À Bamako, les régulateurs de l’énergie du Burkina Faso, du Mali et du Niger ont récemment amorcé une nouvelle ère. Sous l’égide du Premier ministre malien, le général Abdoulaye Maïga, cette première réunion énergétique de la Confédération des États du Sahel (AES) vise à transformer l’un des défis majeurs du continent en levier de coopération : l’énergie.
Une stratégie énergétique commune pour le Sahel
Réunis dans la capitale malienne, les représentants des trois pays ont posé les bases d’une régulation harmonisée. Objectif : bâtir une vision commune qui renforce la sécurité énergétique, améliore l’efficacité des marchés, réduit les coûts et accélère l’intégration des énergies renouvelables. Pour le Premier ministre malien, cette collaboration doit faire en sorte que « les populations d’Agadez, de Tenkodogo ou de Taoudeni sentent qu’elles ont la même énergie, à travers une vision commune et solidaire ».
Un potentiel renouvelable encore sous-exploité
Les ressources naturelles sont pourtant au rendez-vous.
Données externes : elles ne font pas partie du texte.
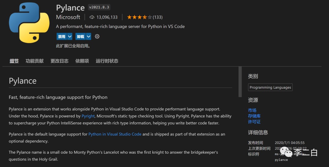 pylance 插件:你用的着的功能有Docstrings;参数提示;自动导入;代码补全;代码诊断;引用和跳转;代码大纲;类型检查;支持多工作区;带有类型信息的签名帮助;兼容IntelliCode和Jupyter notebook等等这么多
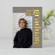 This stone gray photo graduation announcement features a clean, modern layout with real gold foil accents. The customizable template allows you to personalize the final two digits of the class year, the graduate’s name, and school, and upload two photos. Adjustable letter spacing lets you fully justify the vertical name and school text for a precise, custom fit. The year and “graduate” are printed in genuine gold foil, while the name and school are digitally printed in ivory for crisp contrast. A streamlined graduation announcement designed for seniors who prefer a modern look with metallic detail. © Kimbellished, LLC
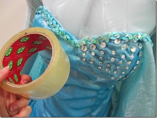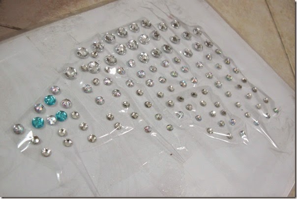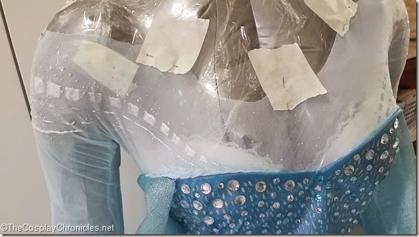 I laid my gown flat and arranged the gems until i was satisfied with where I was going. I then stuck a layer of clear scotch tape over the gems and gown to keep them in place. Then i slipped the gown onto my mannequin for a visual check.
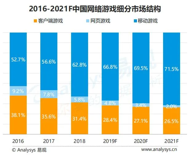 报告显示,截至2018年,手游在中国网络游戏中的市场份额已首次超过六成,端游则被压缩到三成左右。易观预测,到2021年,手游在整个市场中的所占比例将达71.5%,而逐渐式微的页游届时只有2%左右的市场份额,端游将长期陷于供需矛盾中。

Le Mali possède un potentiel solaire impressionnant, estimé à près de 4 000 GW, et plus d’un gigawatt de vent exploitable. Le Burkina Faso, quant à lui, bénéficie d’un ensoleillement moyen de 5,5 kWh/m²/jour pendant plus de 3 000 heures par an. Des projets comme la centrale solaire de Zina (26,6 MW), inaugurée en 2024 au Burkina Faso, montrent la voie.
Des réalités contrastées sur le terrain
Malgré ces atouts, l’accès à l’électricité demeure un luxe pour de nombreuses populations. En 2024, seuls 21,7 % des Burkinabè, 53 % des Maliens et 19,5 % des Nigériens avaient accès à l’électricité. En milieu rural, la situation est encore plus préoccupante : moins de 6 % d’accès au Burkina Faso et à peine plus de 10 % au Niger. En cause : des infrastructures vieillissantes, une dépendance aux énergies fossiles coûteuses, et une faible implication du secteur privé.
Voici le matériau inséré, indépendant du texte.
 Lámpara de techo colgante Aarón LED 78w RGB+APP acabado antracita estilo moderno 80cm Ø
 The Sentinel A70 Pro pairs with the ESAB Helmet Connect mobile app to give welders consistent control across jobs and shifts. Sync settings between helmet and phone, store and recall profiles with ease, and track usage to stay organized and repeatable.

Un tournant réglementaire et politique
La rencontre de Bamako marque une rupture. Pour la première fois, une volonté politique se manifeste autour d’une régulation commune, ouverte à l’investissement et au développement des énergies décentralisées, notamment solaires. L’initiative « Desert to Power » de la Banque africaine de développement, qui ambitionne d’installer 10 000 MW solaires dans la région, s’inscrit pleinement dans cette dynamique.
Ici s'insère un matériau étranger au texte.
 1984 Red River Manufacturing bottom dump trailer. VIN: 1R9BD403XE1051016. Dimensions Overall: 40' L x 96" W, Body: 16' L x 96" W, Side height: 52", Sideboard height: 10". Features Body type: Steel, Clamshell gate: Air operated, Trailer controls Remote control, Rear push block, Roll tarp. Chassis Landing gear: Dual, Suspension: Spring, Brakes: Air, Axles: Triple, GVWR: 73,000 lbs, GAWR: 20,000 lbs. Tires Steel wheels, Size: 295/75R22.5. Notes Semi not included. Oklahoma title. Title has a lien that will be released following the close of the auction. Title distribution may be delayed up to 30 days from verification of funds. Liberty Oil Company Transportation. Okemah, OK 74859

Face aux défis énergétiques, la réponse du Sahel se veut collective, structurée et ambitieuse. L’intégration régionale portée par l’AES donne un souffle nouveau à la souveraineté énergétique des peuples sahéliens. Une alliance solaire est en train de naître, loin de toute dépendance et tournée vers un avenir plus équitable.